I’ve worked with him before on The Forester, which, as you say, was ten years ago. He has done a lot of things since then, I have done a lot of things since then, but I know from the process that we had already been though that he respects my music and also understands it. So although we did communicate about the arrangements in the beginning, and of course he kept me in the loop with what he was working on, I wanted him to bring his own world into that song with the orchestra, and I think he managed to do that very well. He really succeeded in transforming the song to use a much bigger palette, and it was really such a magical experience for me to sing that song with over 50 musicians.

Susanna Elevation

"Obsession" by Susanna (2023)

BEST FIT: That brings us on nicely to your final pick, which is the orchestral version of “Obsession” from the new album. When you were thinking about the colours and moods of these versions, as you mentioned earlier, what came to mind for “Obsession” in particular?

SUSANNA: Oh, so much probably! It was so different from song to song. With “Obsession”, I was thinking a lot about the forest and the trees. I wanted the song to have this kind of subtle but grand feeling to it, and I think Jarle did very well to bring that out in the strings. I really like how the arrangement builds out through the song.

It's a really impressive reworking of the solo piano version. What made “Obsession” stand out for you as the first single, the song to introduce this record with?

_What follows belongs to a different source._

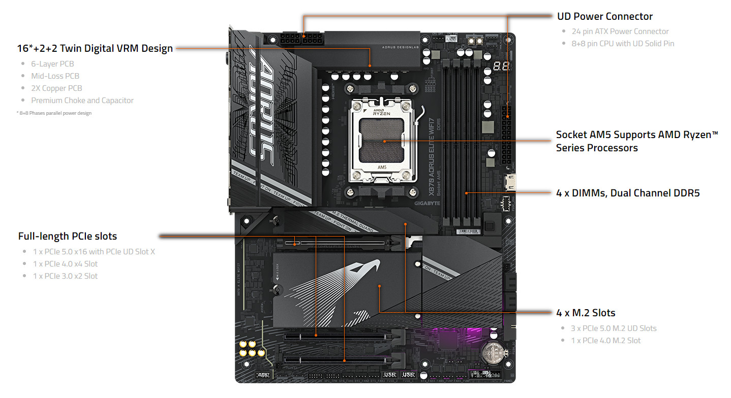 GIGABYTE X870 AORUS ELITE WIFI7/AM5/ATX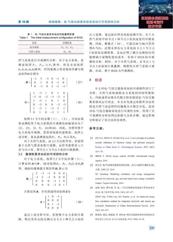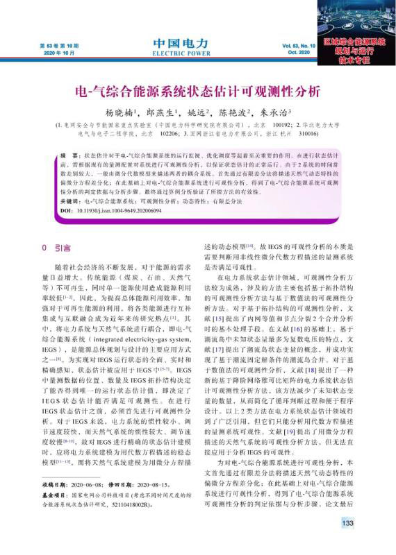 楊曉楠, 郎燕生, 姚遠(yuǎn), 等. 電-氣綜合能源系統(tǒng)狀態(tài)估計(jì)可觀測性分析[J]. 中國電力, 2020, 53(10): 133-139.

I think the melodies that I’m writing and the parts that I’m making when I work on songs with other people’s poetry are so different than the melodies and the parts that I make in songs using my own lyrics. Something different happens in the meeting of those words and my music. With “Obsession”, I think maybe I was a bit surprised by myself, surprised that I wrote that melody. It feels like me, but it really feels like something else too. I’m not sure how to explain it. It feels just how it’s supposed to be. Like, this is how I should sing these words.

A decade before your Baudelaire work, you made a great album where you interpreted the poems of Norwegian writer Gunvar Hofmo. Would you say that you had a similar connection with those texts?

Yes, quite similar. The strong connection that I suddenly felt with her poetry was very similar to the connection that I suddenly felt with the Baudelaire poems. There are a lot things that I read and think are beautiful and gorgeous and that really move me, but I don’t necessarily hear music when I read them. So it has been kind of extraordinary for those connections to have just suddenly appeared for me with those two writers.

Obviously, Baudelaire in particular is very well loved all over the world. Have you had any interactions with Baudelaire scholars who have been interested in your work?

Yeah, absolutely. There was a huge British project where some literature professors gathered songs that were made to his poetry, called the Baudelaire Song Project, which had actually just ended before I released the first Baudelaire album. I have been in touch a little bit with those people and that has been very nice.

I’ve also been speaking to Anthony Mortimer, the professor who did the translation of The Flowers of Evil that has been so essential to me in this project. I’ve read other translations of Baudelaire that I have really liked but I haven’t necessarily felt the urge to write music to them. For me, his translation is so very, very good. There’s so much music in it.

Susanna Baudelaire and Orchestra

Baudelaire & Orchestra is out now via SusannaSonata.